Cemented carbide cutting tools are indispensable tools in modern manufacturing. Their performance and quality directly relate to the processing efficiency, workpiece accuracy, and production costs. With the rapid development of the manufacturing industry, the cemented carbide cutting tools industry is constantly expanding, and many professional terms have emerged. In this article, I will give you a detailed introduction to the common terms in the cemented carbide cutting tools industry, and I will also explain some terms in detail to help you better understand this field.

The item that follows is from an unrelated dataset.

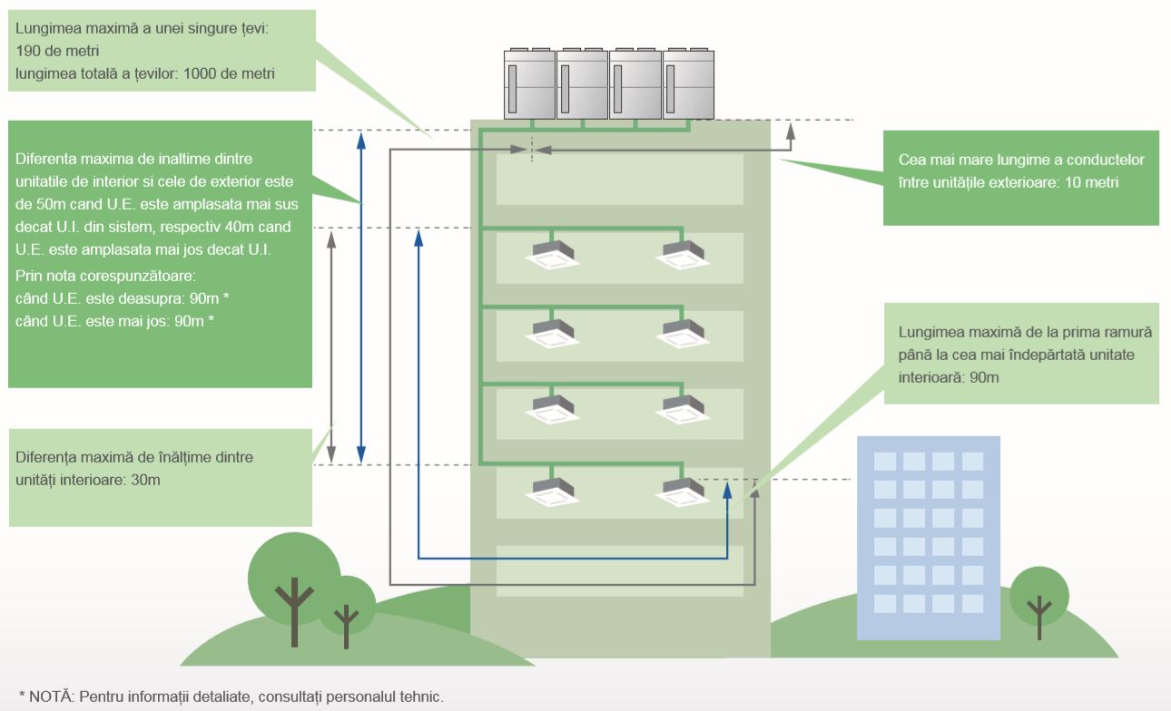 Lungime țeavă care permite diferențe de înălțime între unități de interior și exterior de până la 90 de metri *

I. Basic Terms Of Cemented Carbide
Cemented Carbide (WC)
Cemented carbide is a composite material made by mixing tungsten carbide (WC) powder and cobalt (Co) powder and then processing them through powder metallurgy. It combines high hardness and good toughness, making it ideal for manufacturing cutting tools, molds, and wear-resistant parts.
Tungsten Carbide (WC)
Tungsten carbide is the main component of cemented carbide, featuring extremely high hardness and wear resistance. In cemented carbide, the ideal carbon content of tungsten carbide is 6.13% by weight. Excessive or insufficient carbon content will significantly affect the performance of cemented carbide.
Cobalt (Co)
Cobalt serves as the binder phase in cemented carbide, primarily binding tungsten carbide particles together to form an alloy with excellent mechanical properties. The content and distribution of cobalt have a significant impact on the toughness and impact resistance of cemented carbide.
Titanium Carbide (TiC)
Titanium carbide is another common component in cemented carbide, similar to tungsten carbide in terms of high hardness and wear resistance. In some special applications, titanium carbide can replace or partially replace tungsten carbide to improve certain properties of cemented carbide.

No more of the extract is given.